Sens. Hillary Rodham Clinton and John Kerry have introduced legislation requiring that the Pentagon brief Congress on contingency plans for withdrawing from Iraq — in other words, advertising American weakness and raising the specter that the United States will abandon Iraq as it did Somalia in 1993-1994, Lebanon in 1983-1984 and South Vietnam in 1975. With public-opinion polls showing that the American public has become frustrated over the situation in Iraq, many politicians see political advantage in poor-mouthing the war.
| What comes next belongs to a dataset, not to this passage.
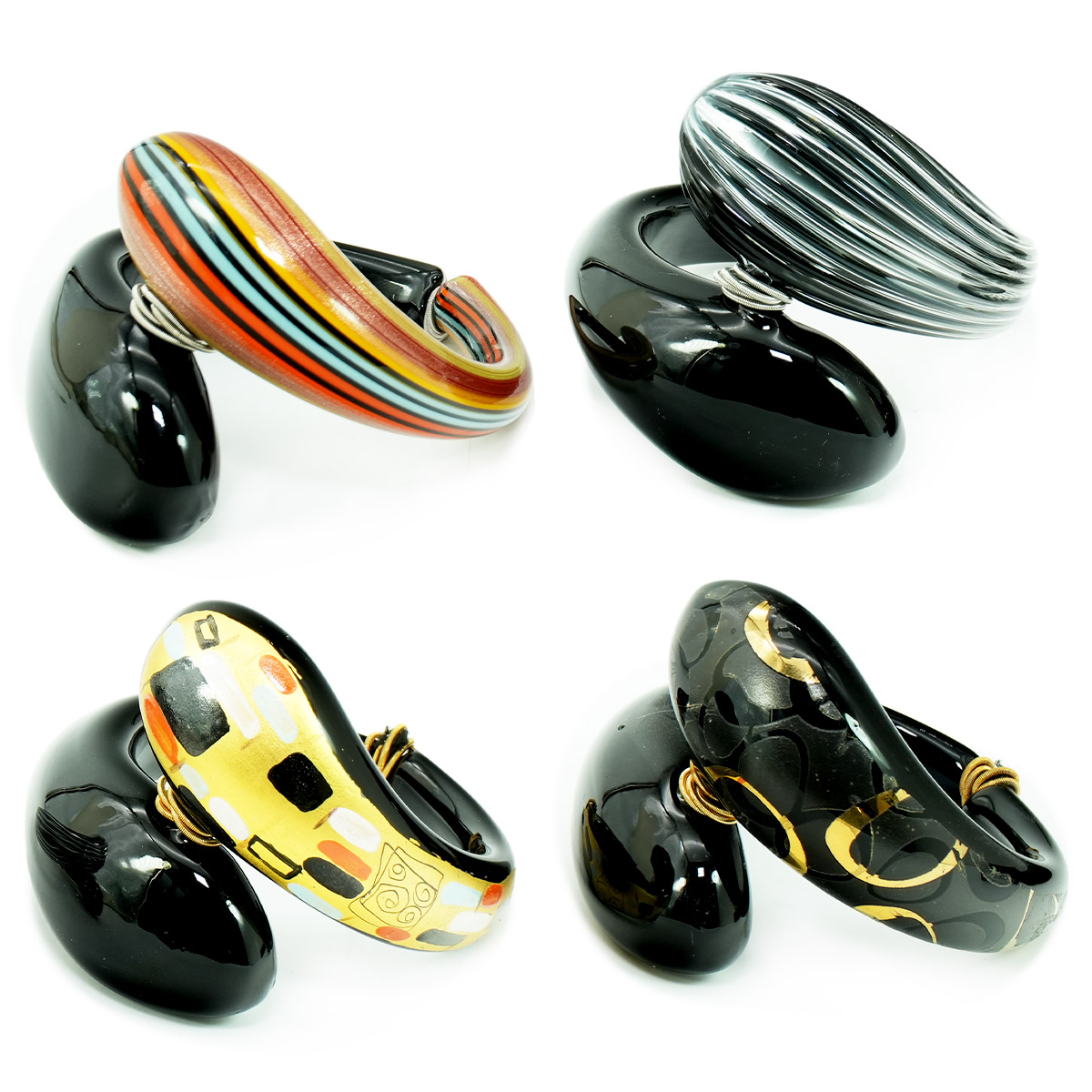 Elegante bracciale dal design ricercato. I gioielli sono in vetro soffiato a mano con la tecnica della lavorazione al lume. A freddo vengono invece dipinti in stile con oro 24kt. Peso molto leggero essendo in vetro soffiato e vuoto all'interno.

It should come as no surprise that such behavior has real-world consequences — one of which has been the emboldening of our adversaries in Tehran. On Tuesday, U.S. Ambassador to Iraq Ryan Crocker held a second round of talks with Iranian diplomats in the Green Zone in Baghdad. The meeting didn't go well. Mr. Crocker said that since the two sides held their first meeting on May 28, the situation has actually worsened. "The fact is, as we made very clear in today's talks, that over the roughly two months since our last meeting we've actually seem militia-related activity that could be attributed to Iranian support go up and not down," he said, adding that U.S. and Iranian officials had "several heated exchanges" on the issue of Iranian support for terrorism: "We are not here to prove something in a court of law. We are here to let them know we know what they are doing and it needs to stop."

Beyond its support for the Hezbollah and Palestinian terrorist groups such as Hamas, Iran is playing an extraordinarily malevolent role in Iraq. At a press conference earlier this month, Brig. Gen. Kevin Bergner pointed to Tehran's direct role in a Jan. 20 attack on the Karbala Provincial Joint Coordination Center in which five American soldiers were killed, and he noted that Hezbollah is involved in organizing and training Iraqi jihadists to kill Americans. Moreover, the Quds Force, a special unit of Iran's Islamic Revolutionary Guard Corps that specializes in financing and arming terrorist movements, is bringing groups of up to 60 Iraqi insurgents at a time to training facilities near Tehran. There, they are taught how to carry out kidnappings and use rockets and improvised explosive devices to kill and maim American troops. (The U.S. ambassador to Afghanistan said July 17 that Iranian weapons are also reaching Taliban forces.) But Mr. Crocker's Iranian interlocutor, Hassan Kazemi-Qumi, responded dismissively, saying that U.S. concerns about Iran were unfounded, and he suggested that the U.S. military presence in Iraq was to blame for the violence there.

Tehran's behavior has become so brazen, however, that even some antiwar Democrats like Mrs. Clinton are reluctant to be seen as kowtowing to the mullahs. That's why Mrs. Clinton attacked Sen. Barack Obama as "irresponsible and frankly naive" for saying that he would be willing to meet with the leaders of rogue nations like Iran and North Korea. "I don't want to be used for propaganda purposes," she said yesterday. Her campaign issued a memo criticizing Mr. Obama for having "committed to presidential meetings with some of the world's worst dictators without precondition during his first year in office."

Mrs. Clinton is right on the merits of her criticism of Mr. Obama, but we suspect the change has less to do with substance than it does with her realization that getting too close to Cindy Sheehan wing of the Democratic Party would be political suicide in the general election. Do not be surprised if more Democrats follow Mrs. Clinton's example of triangulation: pandering to the left on Iraq, while talking tough about Iran.